Também é alvo da operação o deputado estadual Faissal Calil. A PF cumpre mandados de busca e apreensão domiciliar, busca pessoal e medidas de afastamento dos sigilos bancário, fiscal e telemático dos investigados.

A apuração mira um suposto esquema de comercialização de decisões judiciais e ocultação de valores de origem ilícita. Os investigados poderão responder, conforme a participação de cada um, pelos crimes de corrupção passiva, advocacia administrativa e lavagem de dinheiro.

Dirceu dos Santos, que integrava a 3ª Câmara de Direito Privado do TJMT, está afastado desde março deste ano. A medida foi determinada pela Corregedoria Nacional de Justiça, após indícios de que o magistrado teria proferido decisões favoráveis mediante possível recebimento de vantagens indevidas, com intermediação de terceiros, entre eles empresários e advogados.

A investigação do CNJ também apontou suspeita de nepotismo cruzado e movimentação financeira considerada incompatível com os rendimentos declarados pelo desembargador. Levantamento feito pelo órgão identificou cerca de R$ 14.618.546,99 em bens movimentados nos últimos cinco anos.

A análise das declarações de Imposto de Renda também indicou evolução patrimonial sem lastro aparente nos anos de 2021, 2022 e 2023. Apenas em 2023, segundo o CNJ, a diferença entre o acréscimo patrimonial e os rendimentos considerados lícitos chegou a R$ 1.913.478,48.

Diante da gravidade dos indícios, o corregedor nacional de Justiça, ministro Mauro Campbell Marques, determinou o afastamento do magistrado e a realização de diligências na sede do TJMT, com apoio da Polícia Federal.

Nesta terça-feira (9), o CNJ deve decidir se instaura um Processo Administrativo Disciplinar (PAD) contra Dirceu e se mantém o afastamento do desembargador.

Venda de sentenças

As investigações sobre suposto esquema de venda de decisões judiciais avançaram após o assassinato do advogado Roberto Zampieri, morto a tiros em dezembro de 2023, em Cuiabá.

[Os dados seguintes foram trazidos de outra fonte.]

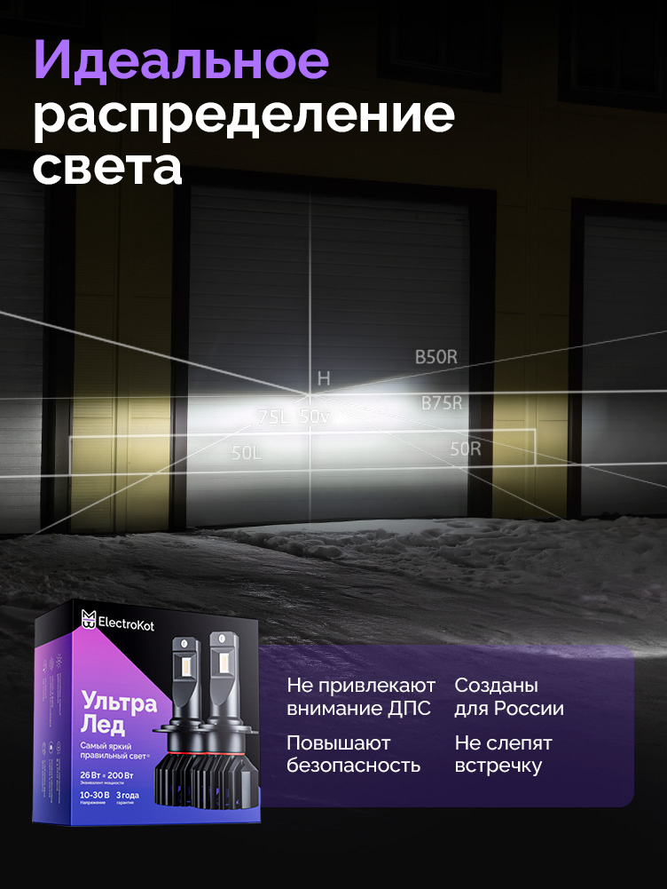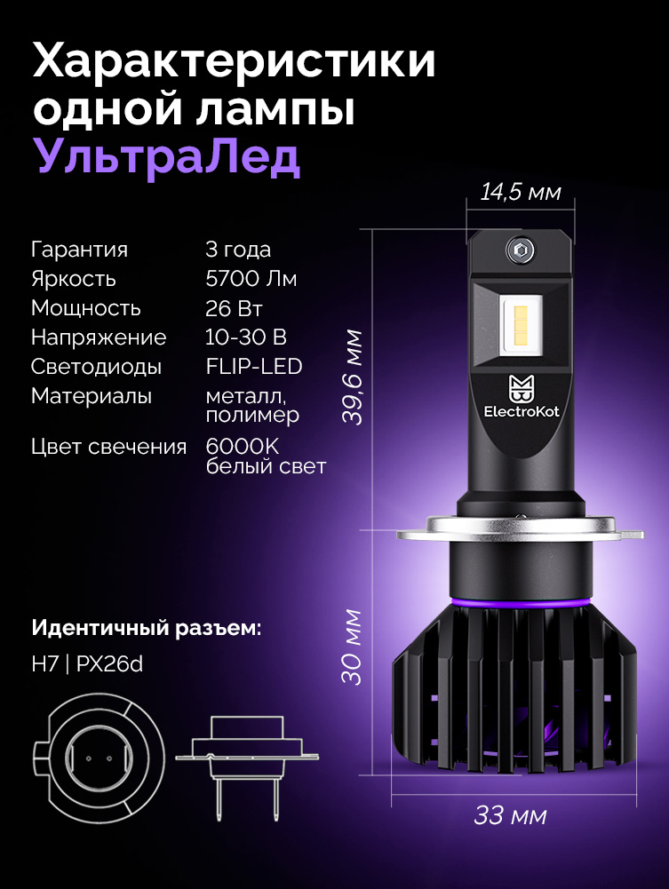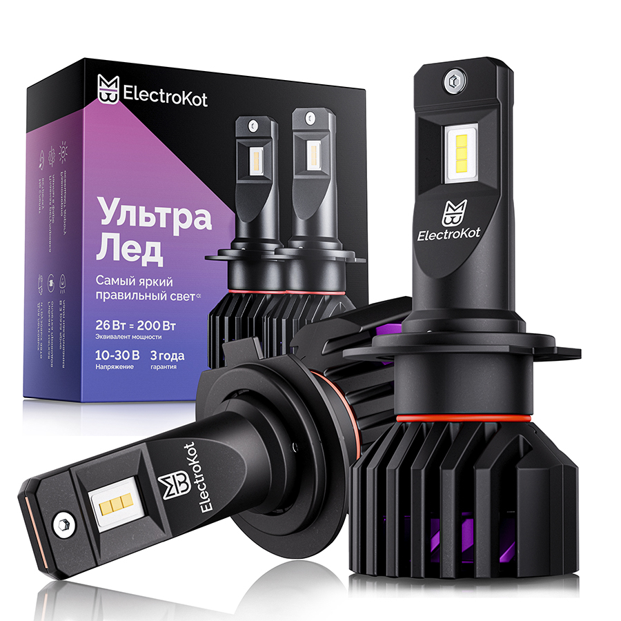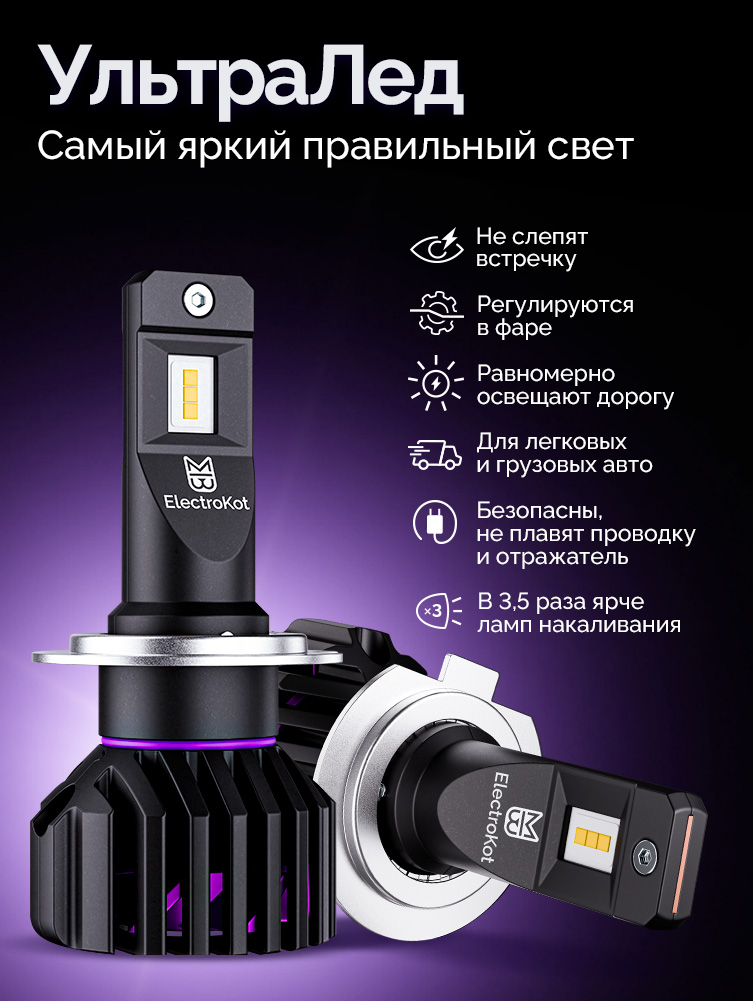 Светодиодные лампы для авто ЭлектроКот УльтраЛед - идеальное решение для фар с отражателями. Наша самая яркая модель с идеальной фокусировкой. Разработку этой модели мы вели несколько лет, основываясь на нашем опыте работы со светодиодными лампами головного освещения с 2013 года.

Desde então, três desembargadores de Mato Grosso e outros cinco de Mato Grosso do Sul foram afastados.

Em agosto de 2024, os desembargadores Sebastião de Moraes Filho e João Ferreira Filho também foram retirados das funções por decisão da Corregedoria do CNJ. Eles são investigados por suspeita de envolvimento na comercialização de sentenças.

Segundo as apurações, o Conselho identificou que magistrados mantinham relação próxima com Zampieri e, supostamente, teriam recebido vantagens financeiras para julgar recursos conforme os interesses do advogado.

Mensagens e arquivos encontrados no celular de Zampieri teriam revelado detalhes do suposto esquema. O material também apontaria a existência de uma organização criminosa com estrutura empresarial, envolvida em práticas como espionagem e homicídios sob encomenda, com participação de militares da ativa e da reserva.